Но как ни приятно было заканчить рассказ на прочной ноте и оставить счастливую тетю Шуру в ее новом старом жилище, жизнь неслась и ломила свою линию, плюя на все законы литературы. Как-то летом ребята с обстановочного катера (катер, занимающийся судовой обстановкой — бакенами и створами) попросились помыться в тети Шуриной бане, стоявшей под одной крышей с ее избой. В четыре утра егерь Володя, ночевавший в соседнем доме, вышел на улицу. Ночь была белая, солнце светило вовсю и вовсю пылала тети шурина баня. Дом тоже горел, хотя к нему еще можно было подойти. Володя затарабанил в дверь, в окно, тетя Шура долго просыпалась, не могла понять, что от нее хотят, не верила, что горит, (" Удди, парень, че попало собирашь!"), потом выскочила с чемоданом, куда еле успела покидать самое необходимое. Дом сгорел дотла, сгорели кошки, петух… С тетей Шурой случился гипертонический крис, ее увезли санзаданьем в Бор, где она месяц пролежала в больнице. Вернулась домой странная, "с головой не то у нее", — все говорили. Жила в том самом домишке, где ночевал егерь Вовка. Когда я зашел к ней, она с ходу закричала что-то вроде:
— Разорили!
Была она похудевшая, осунувшаяся, с лихорадочно горящими глазами. Показала, что привезла с собой из Бора — чайник, ведро, посуду, одежду, все то, что собрали ей всей больницей. Из Бахты тоже привозили кто, что может. Она причитала: — Добрые люди не дадут пропасть! Требовала, чтоб катерские ответили за пожар, купили лес, стройматериал.

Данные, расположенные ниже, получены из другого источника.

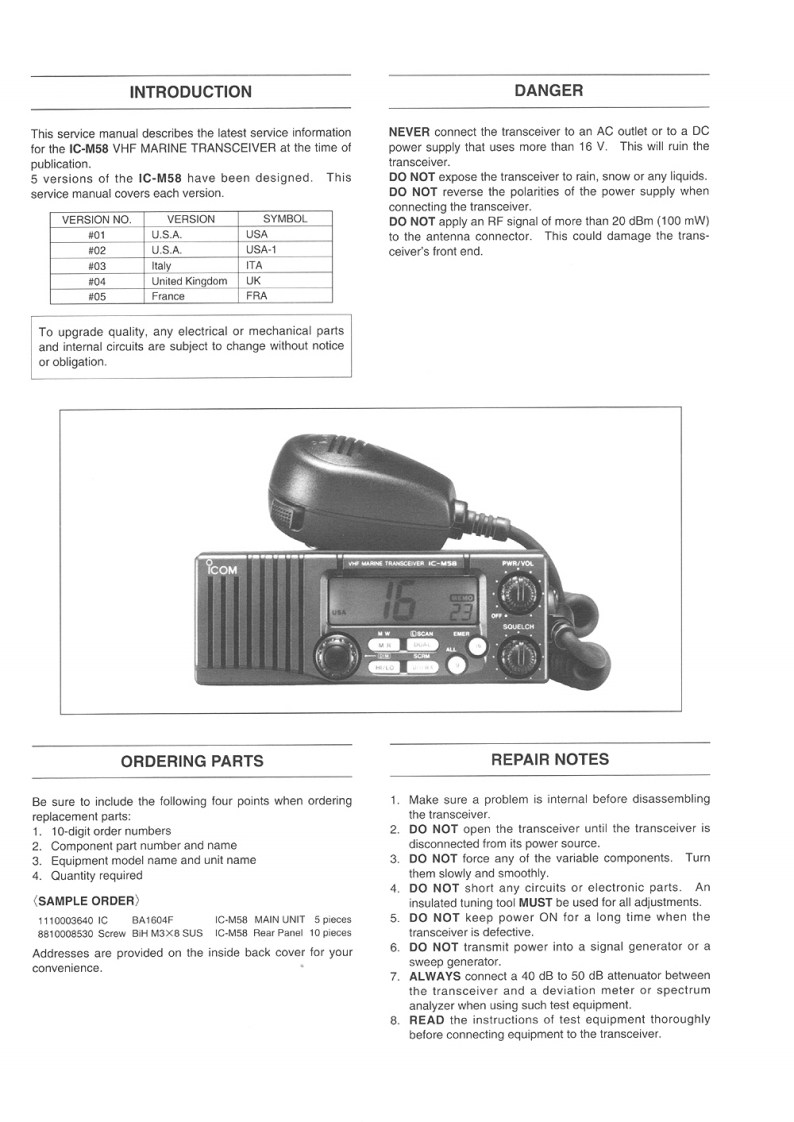 艾克幕icom-ic-m58-维修图纸手册找手册网33天前发布关注私信19.15MB41页041艾克幕icom-ic-m58-维修图纸手册此内容为付费资源,请付费后查看¥19¥23黄金会员免费钻石会员免费登录购买付费资源 第1页 / 共41页 第2页 / 共41页 第3页 / 共41页 第4页 / 共41页 第5页 / 共41页 试读已结束,还剩36页,您可下载完整版后进行离线阅读 THE END艾可慕 文本预览 iCOMSERVICEMANUALVHF MARINE TRANSCEIVERIC-M58Icom Inc. 查看更多 收起部分 喜欢就支持一下吧收藏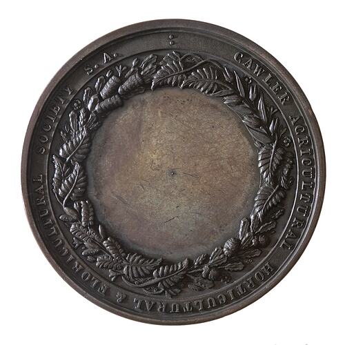 Other Details: An unissued bronze prize medal of the Gawler Agricultural Horticultural and Floricultural Society. It is dated around 1880.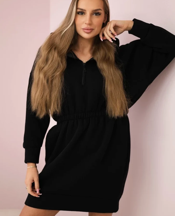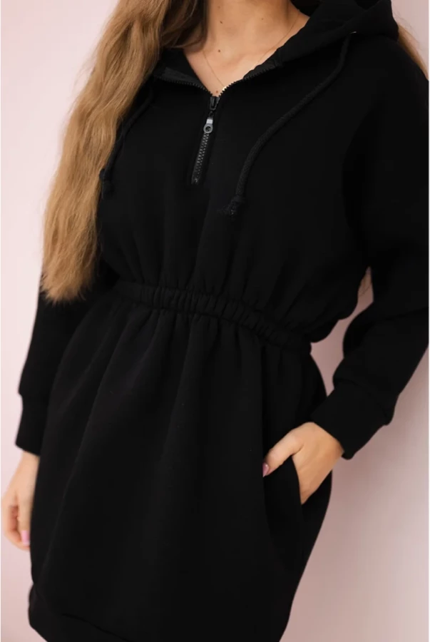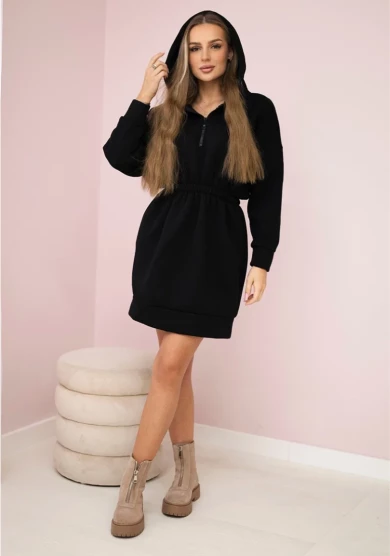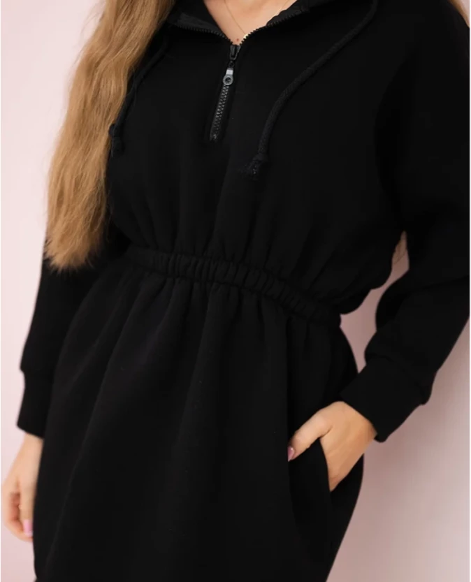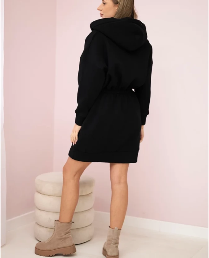 Bluzosukienka ocieplana z kapturem Czarna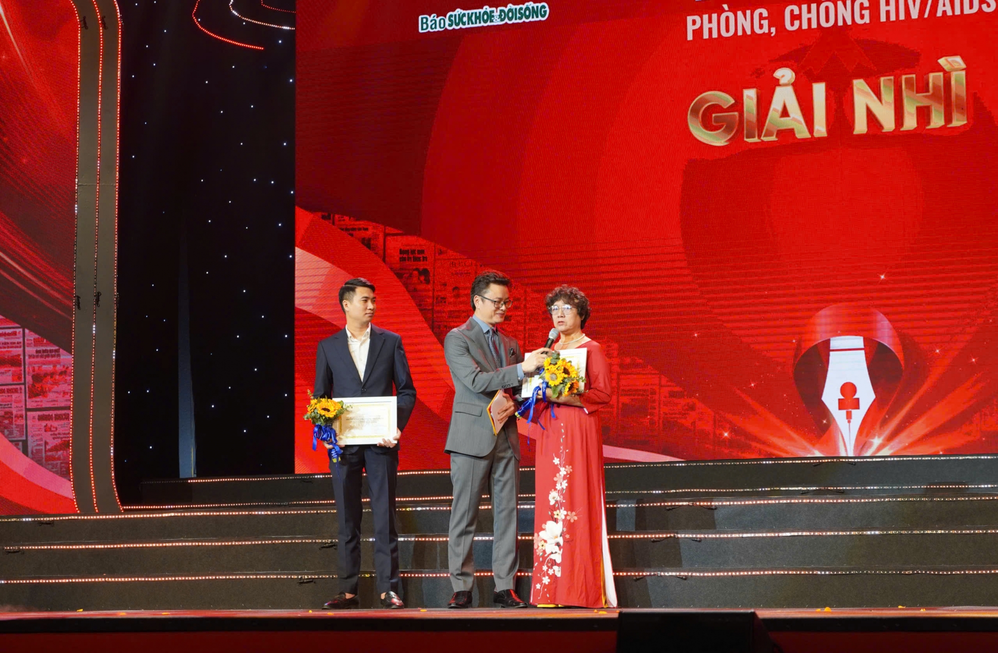 Ảnh: Chị Phạm Thị Huệ và nhóm tác giả bài viết "Anh hùng châu Á Phạm Thị Huệ: Người phá vỡ 'bức tường' kỳ thị và hành trình SỐNG ĐẸP” (Báo Sức khỏe & Đời Sống) nhận Giải Ruy Băng Đỏ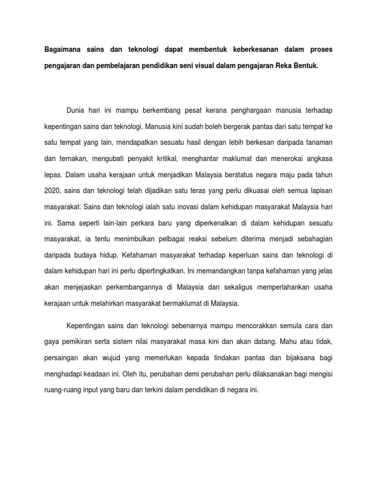 29062009 Usaha menerbitkan buku yang berjudul Sains dan Teknologi Dalam Pembinaan Tamadun. Cabaran keenam daripada sembilan strategi mencapai wawasan 2020 adalah menyatakan bahawa Malaysia mesti mewujudkan masyarakat yang saintifik dan progresif masyarakat yang inovatif yang bukan sahaja menjadi pengguna kepada teknologi malah menjadi penyumbang kepada dunia sains dan teknologi pada masa depan. 30042012 Kejayaan Malaysia dalam Bidang Sains dan Teknologi.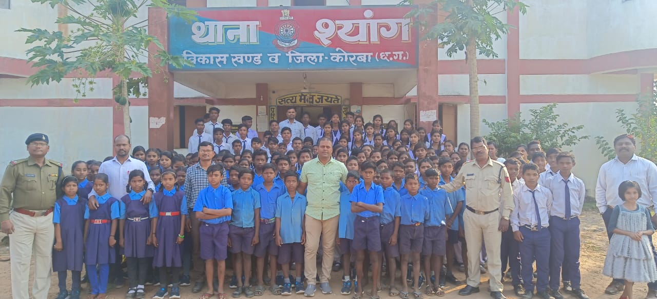 थाना श्याग,जिला कोरबा,18 नवंबर I बाल सुरक्षा सप्ताह के तहत शासकीय हायर सेकेंडरी स्कूल श्याग के छात्र व छात्राओं को थाना श्याग आमंत्रित किया गया। जो छात्र एवं छात्राएं शिक्षकगणों के साथ थाना उपस्थित आए। थाना श्याग परिसर में भ्रमण कराकर थाना भवन की जानकारी दी गई। साथ ही थाना भवन के अंदर थाना प्रभारी कक्ष, मोहर्रिर कक्ष, विवेचक कक्ष, रीडर कक्ष, सीसीटीएनएस कक्ष, पुरुष बंदी गृह, महिला बंदी गृह, मालखाना कक्ष का भ्रमण कराकर कक्षों में कार्यरत अधिकारियों कर्मचारियों से परिचय कराते हुए कार्यों की विस्तृत जानकारी दी गई।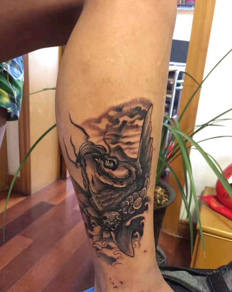 • T网红王老大花腿龙纹身图片_腿部新传统纹身图案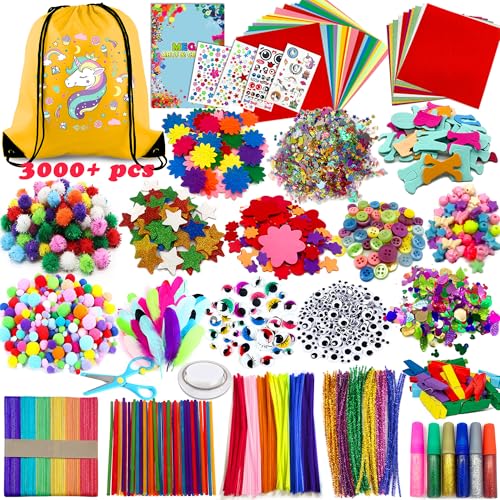 Chennyfun 3000pcs+ Arts and Crafts Supplies for Kids, Craft Art Kits for Toddlers with Unicorn Storage Bag, All in One D.I.Y. Crafting Set Includes Pom Poms, Feathers, Beads, Supply for Kids Ages 4-12

Те во главе с капитаном отстранялись:
— Ничего не знаем, ни при чем мы.
Так и жила бабка в чужой старой избенке, вела вязкие переговары с районным начальством о строительстве. Болела давлением все сильней и сильней, потом добавился рак — лежала в районе, откуда ее, как безнадежную сбагрили домой, где она вскоре умерла.
Так всю долгую жизнь судьба отнимала у нее самое дорогое, а напоследок вовсе изощрилась.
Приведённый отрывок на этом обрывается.